[Aim of the task]:
Copy all the lines of the data that include the word "raised".

Data records:
________

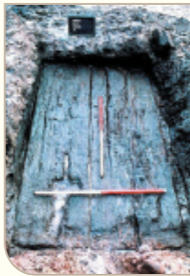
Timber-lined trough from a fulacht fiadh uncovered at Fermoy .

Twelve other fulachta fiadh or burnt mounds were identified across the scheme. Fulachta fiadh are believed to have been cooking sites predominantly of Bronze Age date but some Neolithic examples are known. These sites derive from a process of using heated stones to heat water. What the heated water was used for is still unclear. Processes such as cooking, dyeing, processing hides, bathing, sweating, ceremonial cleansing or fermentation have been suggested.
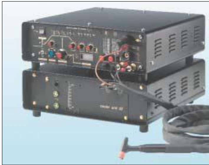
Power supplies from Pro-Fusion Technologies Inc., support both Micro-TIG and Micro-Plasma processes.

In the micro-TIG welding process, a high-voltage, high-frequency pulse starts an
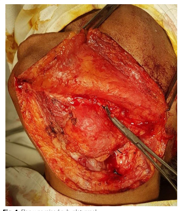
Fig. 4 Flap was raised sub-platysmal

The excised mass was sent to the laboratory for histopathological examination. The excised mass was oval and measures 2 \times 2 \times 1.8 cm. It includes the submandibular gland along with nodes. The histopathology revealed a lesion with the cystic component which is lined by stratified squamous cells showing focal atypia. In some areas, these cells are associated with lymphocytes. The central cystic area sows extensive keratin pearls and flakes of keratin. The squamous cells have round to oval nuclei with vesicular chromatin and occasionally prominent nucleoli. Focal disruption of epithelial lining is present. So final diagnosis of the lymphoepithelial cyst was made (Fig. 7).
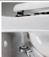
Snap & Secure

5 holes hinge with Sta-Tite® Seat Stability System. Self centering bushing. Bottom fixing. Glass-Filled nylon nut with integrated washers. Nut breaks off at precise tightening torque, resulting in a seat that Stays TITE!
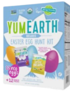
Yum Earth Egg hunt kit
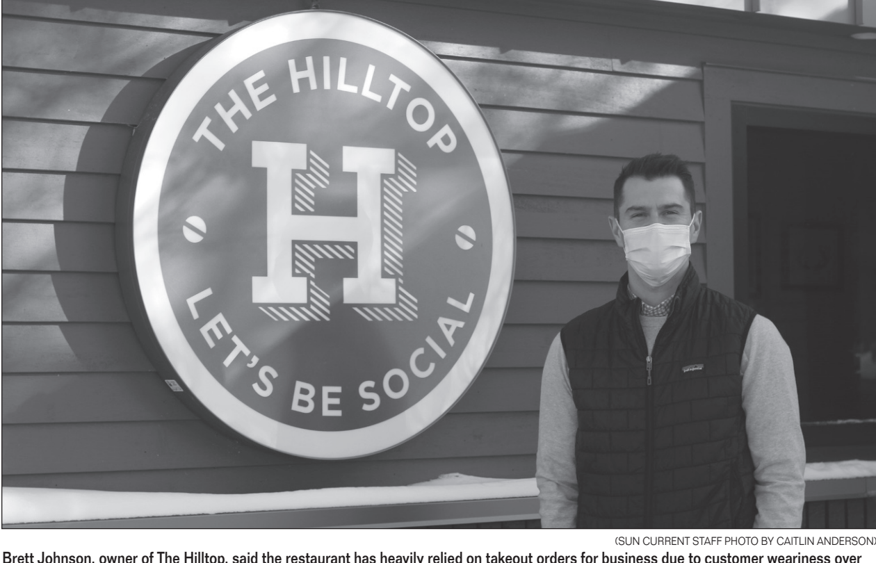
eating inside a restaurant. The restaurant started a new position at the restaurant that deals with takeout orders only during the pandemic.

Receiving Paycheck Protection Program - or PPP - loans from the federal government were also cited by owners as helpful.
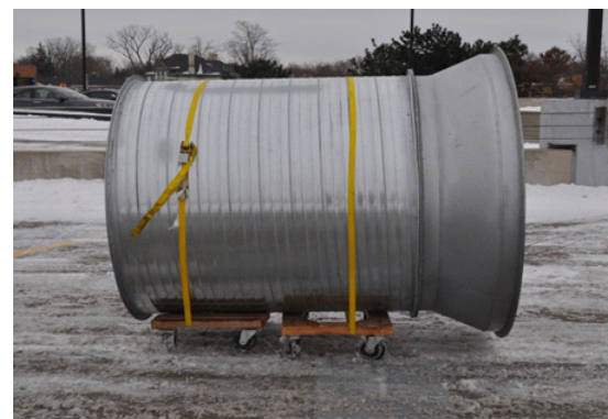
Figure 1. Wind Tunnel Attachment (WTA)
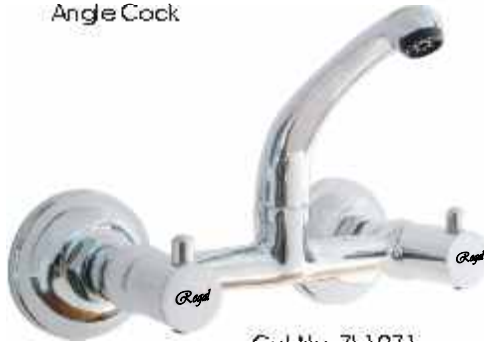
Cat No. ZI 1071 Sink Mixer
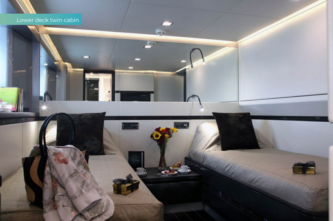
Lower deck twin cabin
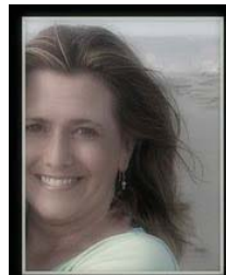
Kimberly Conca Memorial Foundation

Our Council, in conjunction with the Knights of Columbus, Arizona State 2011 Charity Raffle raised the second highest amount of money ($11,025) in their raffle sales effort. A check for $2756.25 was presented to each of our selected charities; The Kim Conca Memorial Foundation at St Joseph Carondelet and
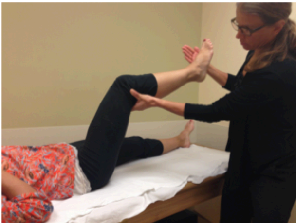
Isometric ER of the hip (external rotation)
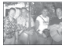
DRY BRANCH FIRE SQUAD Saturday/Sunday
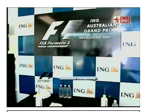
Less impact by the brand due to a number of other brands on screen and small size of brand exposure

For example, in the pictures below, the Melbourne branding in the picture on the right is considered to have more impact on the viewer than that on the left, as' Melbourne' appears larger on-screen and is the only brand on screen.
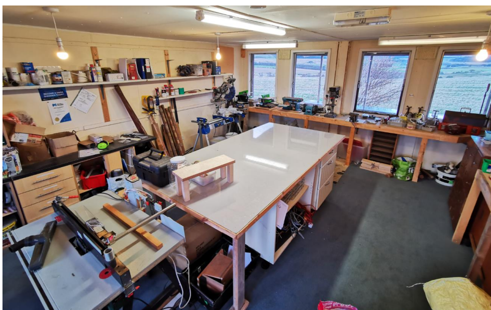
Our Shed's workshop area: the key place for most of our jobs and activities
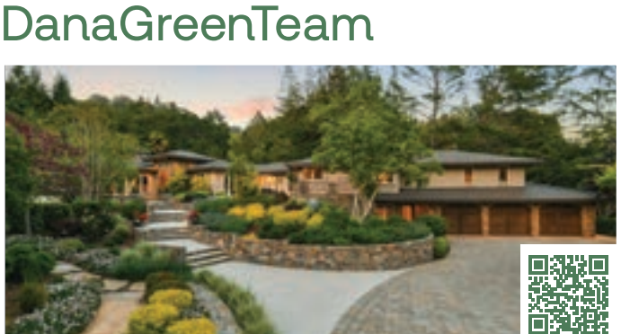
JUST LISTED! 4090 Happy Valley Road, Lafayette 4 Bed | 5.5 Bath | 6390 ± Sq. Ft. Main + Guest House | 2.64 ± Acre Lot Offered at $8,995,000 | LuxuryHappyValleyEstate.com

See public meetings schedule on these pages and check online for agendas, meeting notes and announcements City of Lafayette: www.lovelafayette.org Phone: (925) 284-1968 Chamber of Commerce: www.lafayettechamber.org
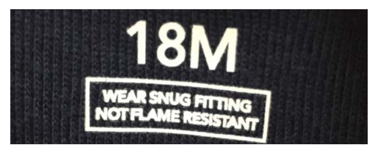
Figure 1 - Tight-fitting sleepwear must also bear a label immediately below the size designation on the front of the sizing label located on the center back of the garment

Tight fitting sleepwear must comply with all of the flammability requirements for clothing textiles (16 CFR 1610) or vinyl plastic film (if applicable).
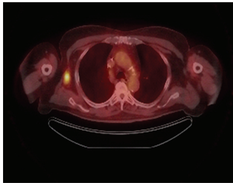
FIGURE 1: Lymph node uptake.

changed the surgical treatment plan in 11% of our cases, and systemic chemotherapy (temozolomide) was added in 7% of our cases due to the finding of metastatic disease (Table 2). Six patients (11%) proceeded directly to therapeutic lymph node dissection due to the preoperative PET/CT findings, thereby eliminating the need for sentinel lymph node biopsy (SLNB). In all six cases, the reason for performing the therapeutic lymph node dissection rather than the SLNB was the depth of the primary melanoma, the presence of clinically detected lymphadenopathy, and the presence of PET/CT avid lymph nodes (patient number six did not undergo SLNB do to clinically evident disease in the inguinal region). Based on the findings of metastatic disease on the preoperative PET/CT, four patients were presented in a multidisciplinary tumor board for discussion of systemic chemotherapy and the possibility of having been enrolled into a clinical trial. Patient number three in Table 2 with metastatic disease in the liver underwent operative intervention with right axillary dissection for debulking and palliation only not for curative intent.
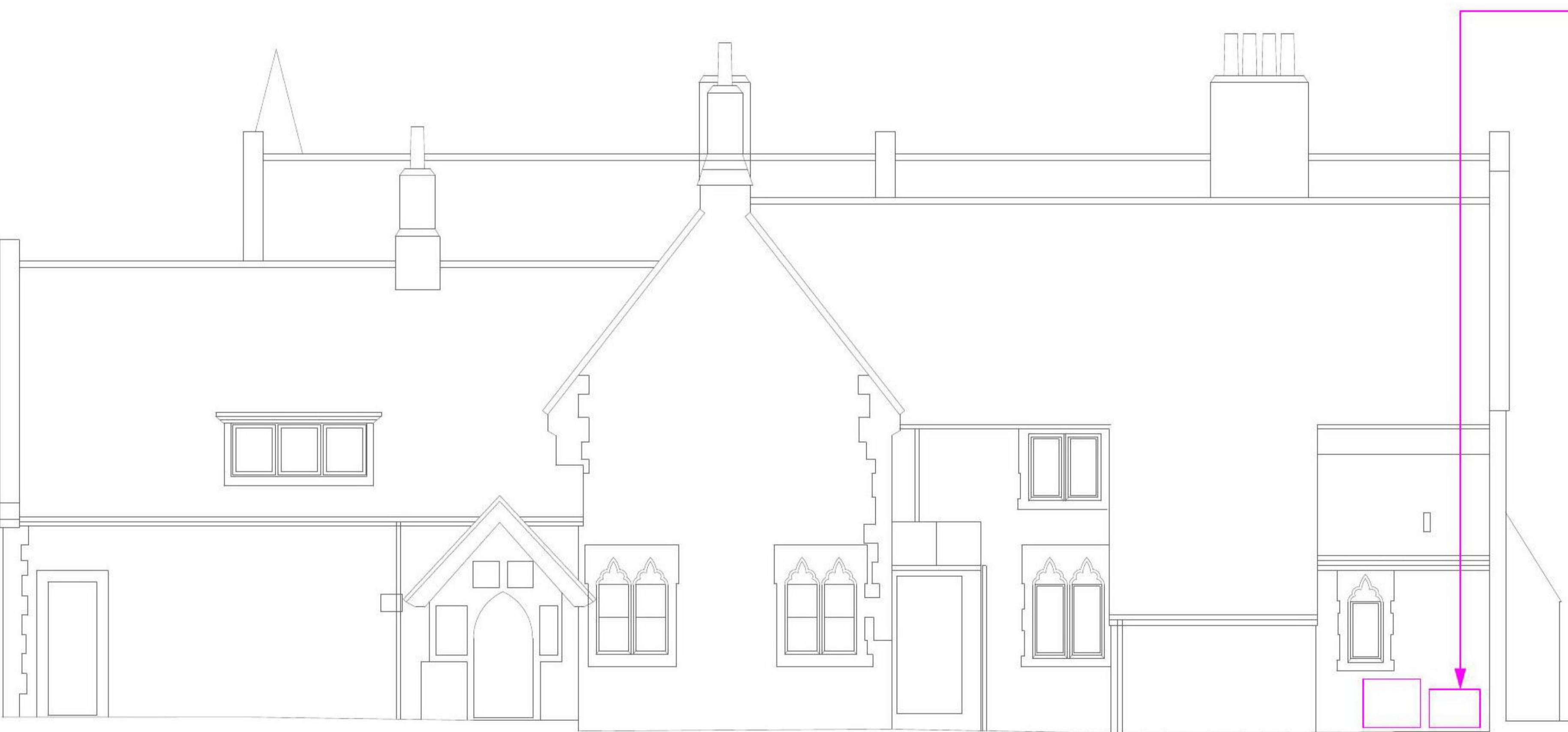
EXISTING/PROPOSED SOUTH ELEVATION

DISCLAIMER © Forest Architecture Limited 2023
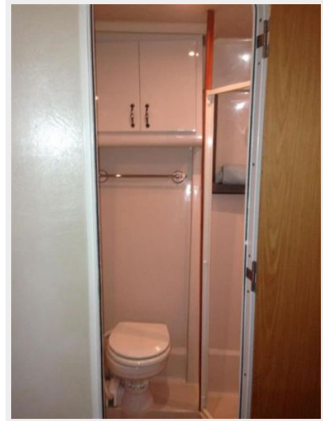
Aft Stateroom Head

________

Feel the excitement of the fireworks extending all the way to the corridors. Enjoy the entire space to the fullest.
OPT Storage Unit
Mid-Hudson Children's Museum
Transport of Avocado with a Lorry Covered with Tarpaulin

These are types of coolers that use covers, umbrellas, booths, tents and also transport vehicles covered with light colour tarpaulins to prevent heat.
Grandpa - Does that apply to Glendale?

________

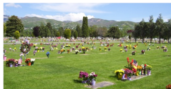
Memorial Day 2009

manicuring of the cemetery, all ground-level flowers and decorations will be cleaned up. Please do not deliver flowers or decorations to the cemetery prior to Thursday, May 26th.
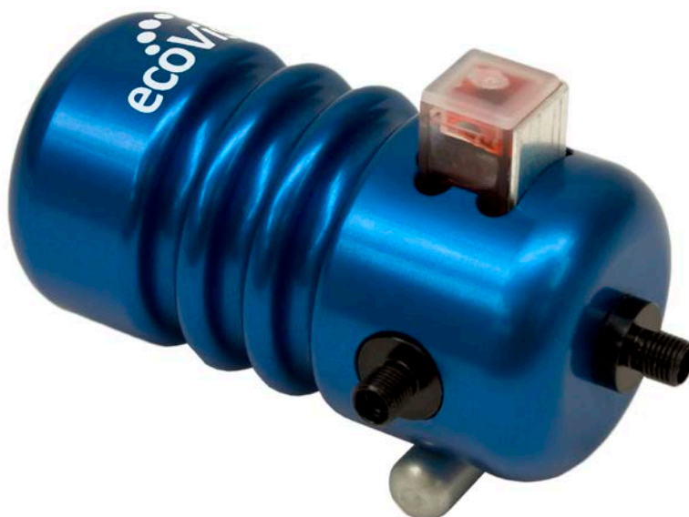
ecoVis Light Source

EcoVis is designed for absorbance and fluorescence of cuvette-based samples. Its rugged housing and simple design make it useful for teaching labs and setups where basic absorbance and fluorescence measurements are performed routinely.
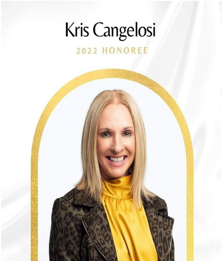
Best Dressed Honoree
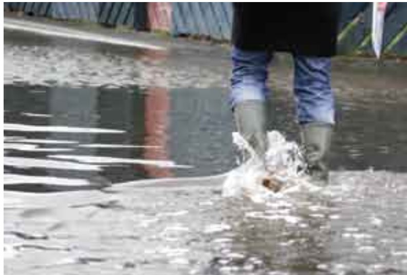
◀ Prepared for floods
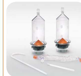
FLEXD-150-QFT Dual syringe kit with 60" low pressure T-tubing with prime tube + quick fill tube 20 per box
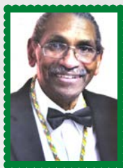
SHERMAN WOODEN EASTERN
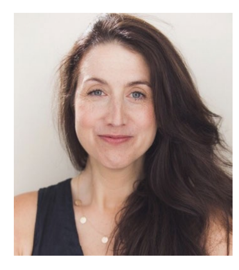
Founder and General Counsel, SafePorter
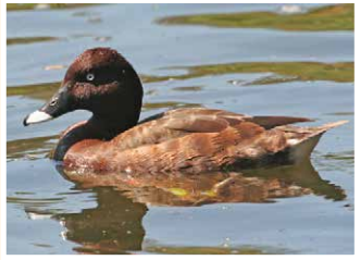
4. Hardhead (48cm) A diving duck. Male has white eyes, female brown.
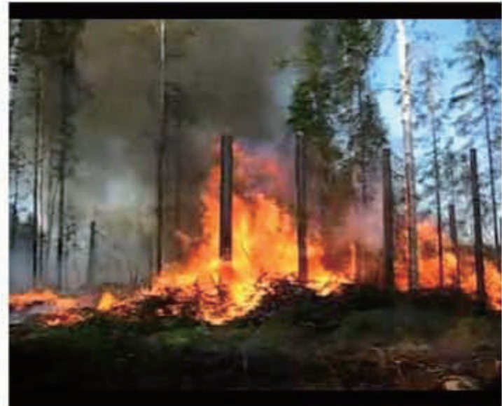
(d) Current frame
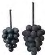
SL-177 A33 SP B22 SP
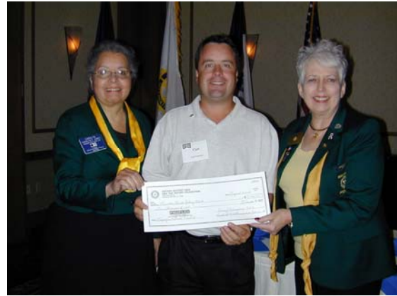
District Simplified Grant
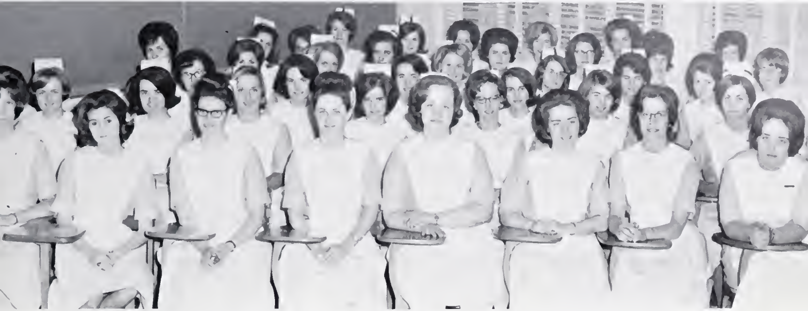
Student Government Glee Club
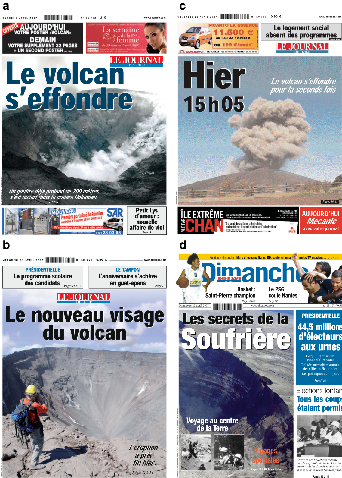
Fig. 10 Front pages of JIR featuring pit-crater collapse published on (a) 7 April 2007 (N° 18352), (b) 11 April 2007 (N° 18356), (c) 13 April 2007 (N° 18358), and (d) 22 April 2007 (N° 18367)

________

[Output for this exercise]:
Fig. 4 Flap was raised sub-platysmal
Our Council, in conjunction with the Knights of Columbus, Arizona State 2011 Charity Raffle raised the second highest amount of money ($11,025) in their raffle sales effort. A check for $2756.25 was presented to each of our selected charities; The Kim Conca Memorial Foundation at St Joseph Carondelet and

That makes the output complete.